* _WHAT THIS TASK INVOLVES_
A faithful copy of each record is required, minus the images.

* _LISTED RECORDS_
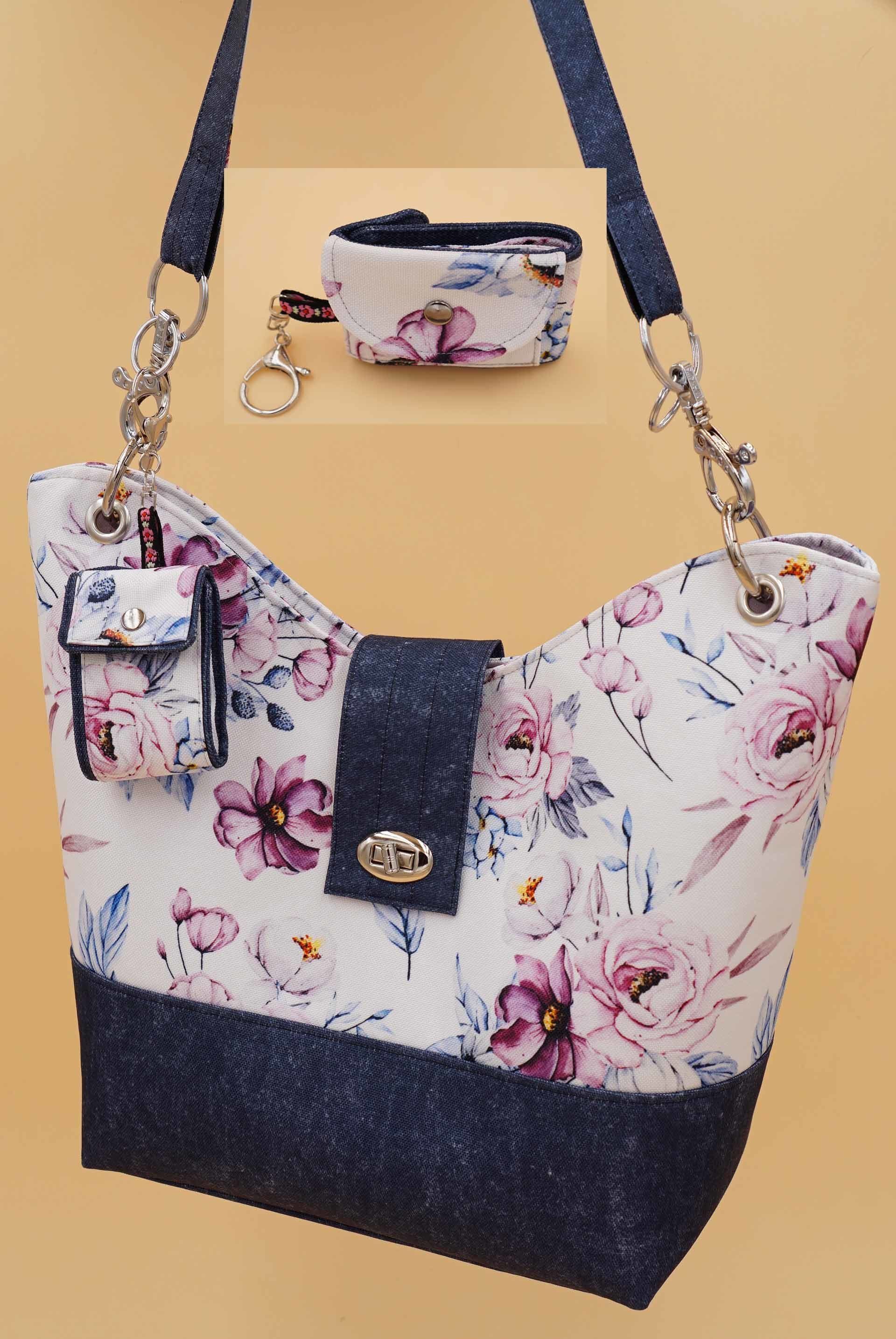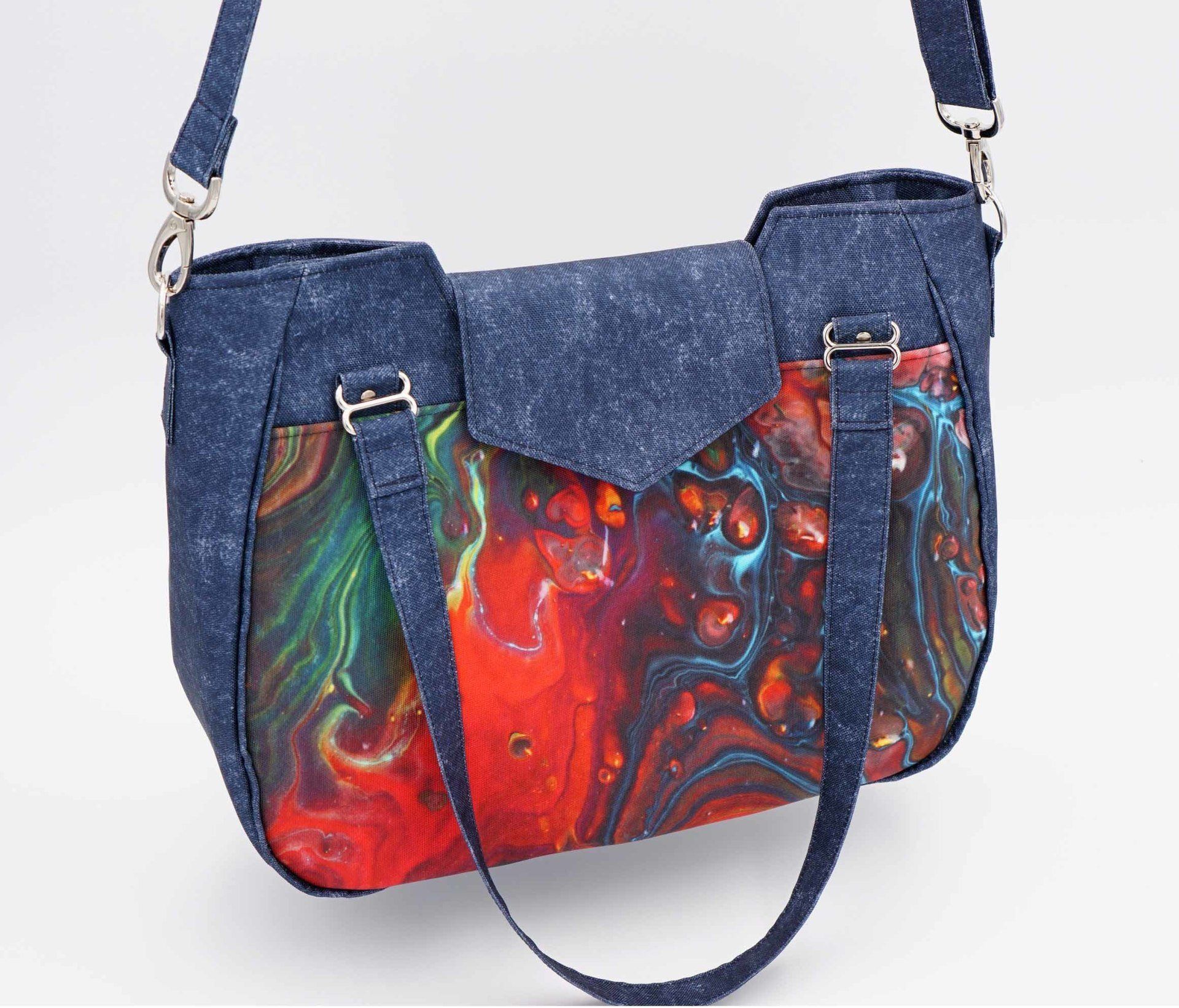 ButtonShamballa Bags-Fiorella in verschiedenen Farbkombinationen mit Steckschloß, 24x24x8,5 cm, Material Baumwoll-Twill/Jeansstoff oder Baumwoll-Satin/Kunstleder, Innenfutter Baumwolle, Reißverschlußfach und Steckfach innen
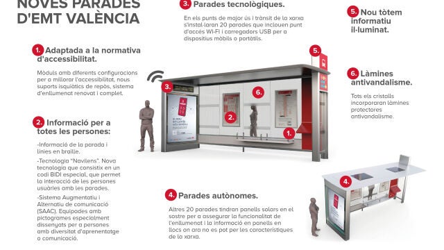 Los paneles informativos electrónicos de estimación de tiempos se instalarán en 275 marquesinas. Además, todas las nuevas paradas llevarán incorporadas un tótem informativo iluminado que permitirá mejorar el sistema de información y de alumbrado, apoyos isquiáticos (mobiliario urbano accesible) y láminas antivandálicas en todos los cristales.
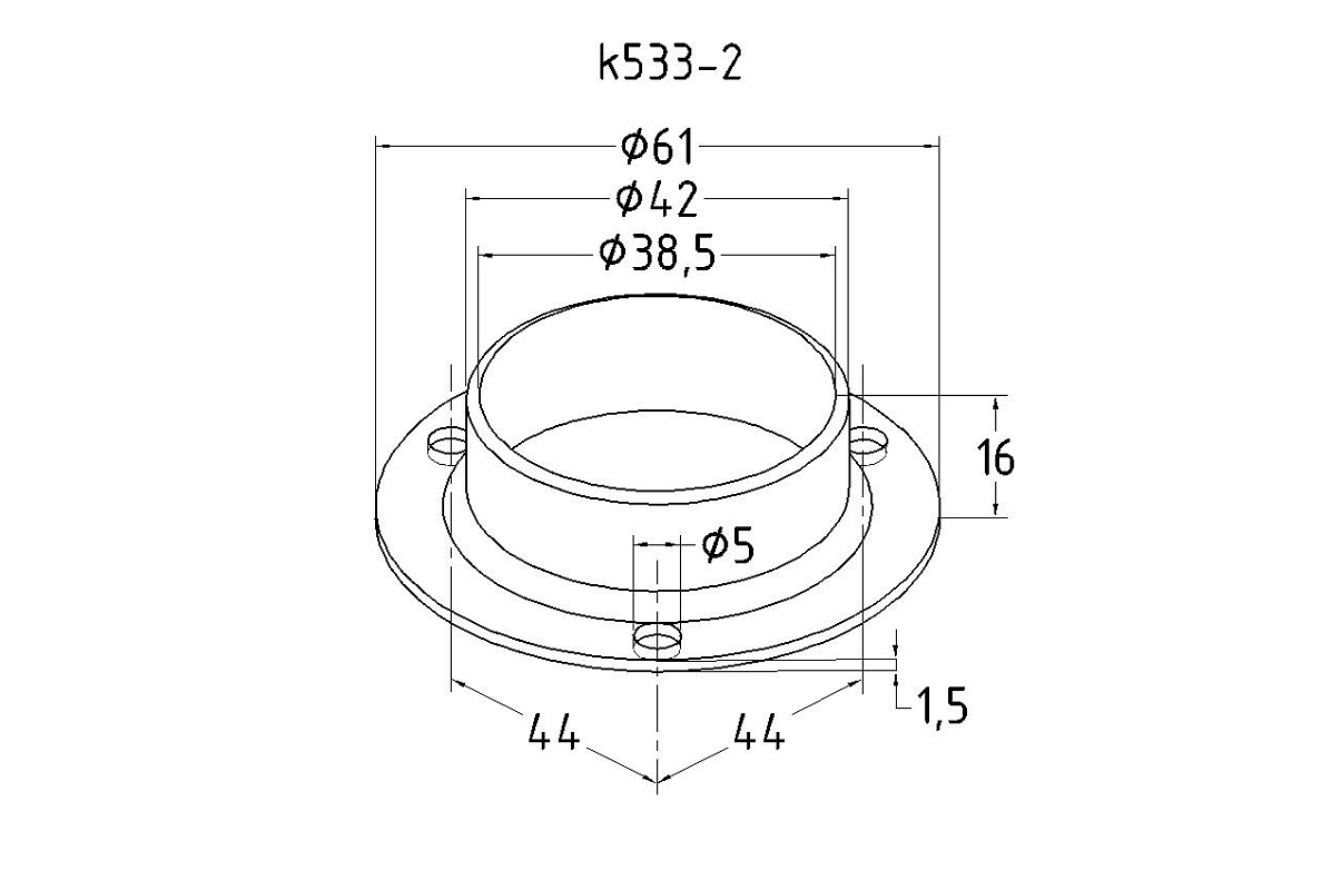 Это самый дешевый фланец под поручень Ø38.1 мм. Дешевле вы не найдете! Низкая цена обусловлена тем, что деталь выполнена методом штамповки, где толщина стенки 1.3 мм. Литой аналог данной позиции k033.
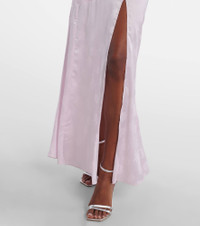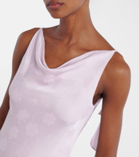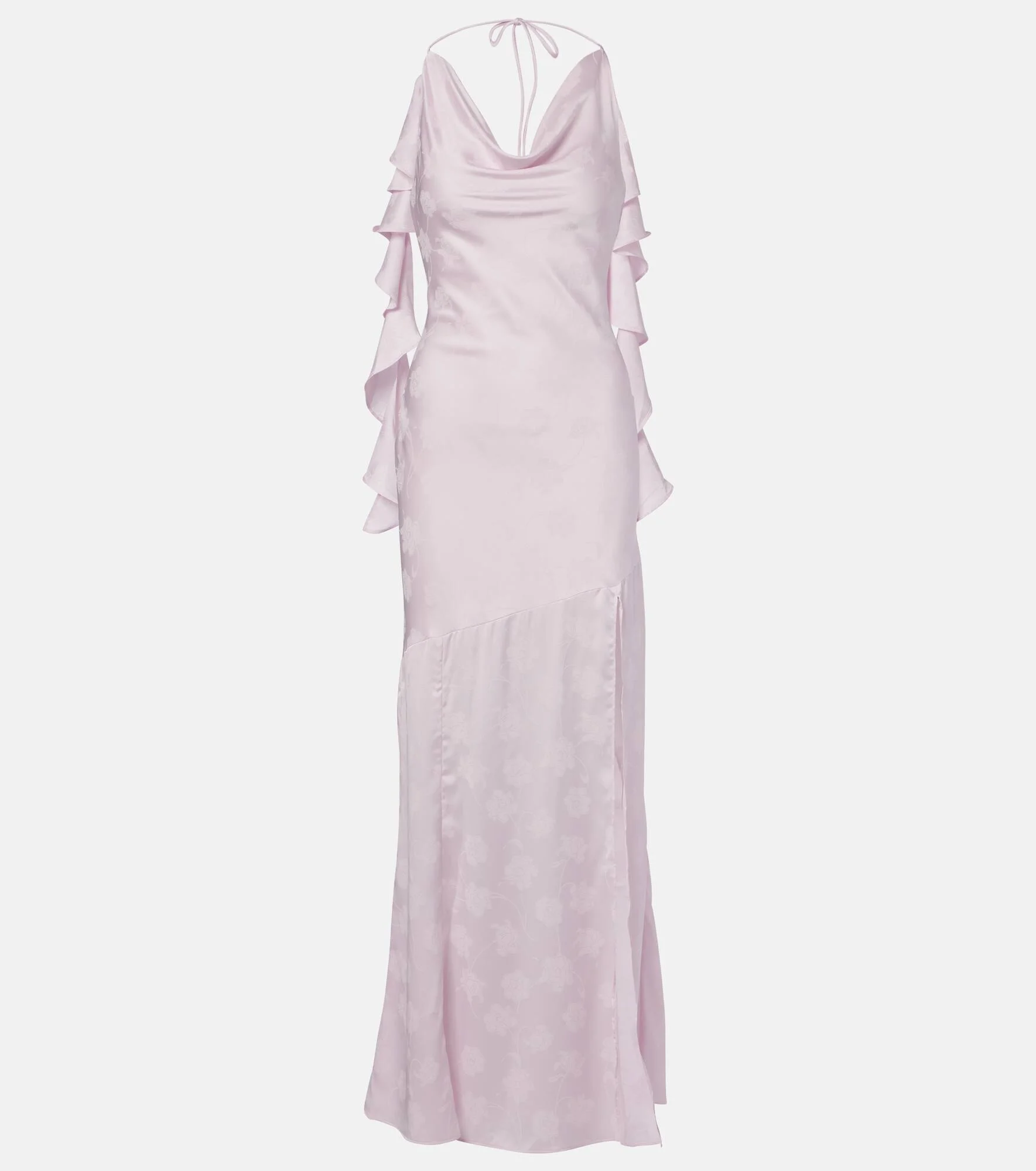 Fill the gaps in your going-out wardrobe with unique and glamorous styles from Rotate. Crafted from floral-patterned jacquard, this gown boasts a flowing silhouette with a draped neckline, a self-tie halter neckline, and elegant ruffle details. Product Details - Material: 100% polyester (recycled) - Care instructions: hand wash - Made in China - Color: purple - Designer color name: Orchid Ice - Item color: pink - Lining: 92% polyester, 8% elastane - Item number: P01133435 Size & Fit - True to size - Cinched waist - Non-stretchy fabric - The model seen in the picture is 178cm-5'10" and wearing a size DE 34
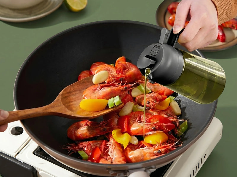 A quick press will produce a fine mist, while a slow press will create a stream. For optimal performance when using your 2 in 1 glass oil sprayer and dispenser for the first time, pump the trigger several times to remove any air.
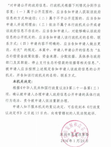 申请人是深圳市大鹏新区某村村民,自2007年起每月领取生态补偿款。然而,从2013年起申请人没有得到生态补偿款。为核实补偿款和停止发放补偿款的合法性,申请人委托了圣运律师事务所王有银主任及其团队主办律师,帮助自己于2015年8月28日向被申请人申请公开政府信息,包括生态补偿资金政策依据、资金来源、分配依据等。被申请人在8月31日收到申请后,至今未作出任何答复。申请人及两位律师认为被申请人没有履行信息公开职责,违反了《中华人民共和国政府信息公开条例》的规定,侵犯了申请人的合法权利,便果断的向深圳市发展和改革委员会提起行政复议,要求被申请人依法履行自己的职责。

* _ANSWER AREA_
 ButtonShamballa Bags-Fiorella in verschiedenen Farbkombinationen mit Steckschloß, 24x24x8,5 cm, Material Baumwoll-Twill/Jeansstoff oder Baumwoll-Satin/Kunstleder, Innenfutter Baumwolle, Reißverschlußfach und Steckfach innen
 Los paneles informativos electrónicos de estimación de tiempos se instalarán en 275 marquesinas. Además, todas las nuevas paradas llevarán incorporadas un tótem informativo iluminado que permitirá mejorar el sistema de información y de alumbrado, apoyos isquiáticos (mobiliario urbano accesible) y láminas antivandálicas en todos los cristales.
 Это самый дешевый фланец под поручень Ø38.1 мм. Дешевле вы не найдете! Низкая цена обусловлена тем, что деталь выполнена методом штамповки, где толщина стенки 1.3 мм. Литой аналог данной позиции k033.
 Fill the gaps in your going-out wardrobe with unique and glamorous styles from Rotate. Crafted from floral-patterned jacquard, this gown boasts a flowing silhouette with a draped neckline, a self-tie halter neckline, and elegant ruffle details. Product Details - Material: 100% polyester (recycled) - Care instructions: hand wash - Made in China - Color: purple - Designer color name: Orchid Ice - Item color: pink - Lining: 92% polyester, 8% elastane - Item number: P01133435 Size & Fit - True to size - Cinched waist - Non-stretchy fabric - The model seen in the picture is 178cm-5'10" and wearing a size DE 34
 A quick press will produce a fine mist, while a slow press will create a stream. For optimal performance when using your 2 in 1 glass oil sprayer and dispenser for the first time, pump the trigger several times to remove any air.
 申请人是深圳市大鹏新区某村村民,自2007年起每月领取生态补偿款。然而,从2013年起申请人没有得到生态补偿款。为核实补偿款和停止发放补偿款的合法性,申请人委托了圣运律师事务所王有银主任及其团队主办律师,帮助自己于2015年8月28日向被申请人申请公开政府信息,包括生态补偿资金政策依据、资金来源、分配依据等。被申请人在8月31日收到申请后,至今未作出任何答复。申请人及两位律师认为被申请人没有履行信息公开职责,违反了《中华人民共和国政府信息公开条例》的规定,侵犯了申请人的合法权利,便果断的向深圳市发展和改革委员会提起行政复议,要求被申请人依法履行自己的职责。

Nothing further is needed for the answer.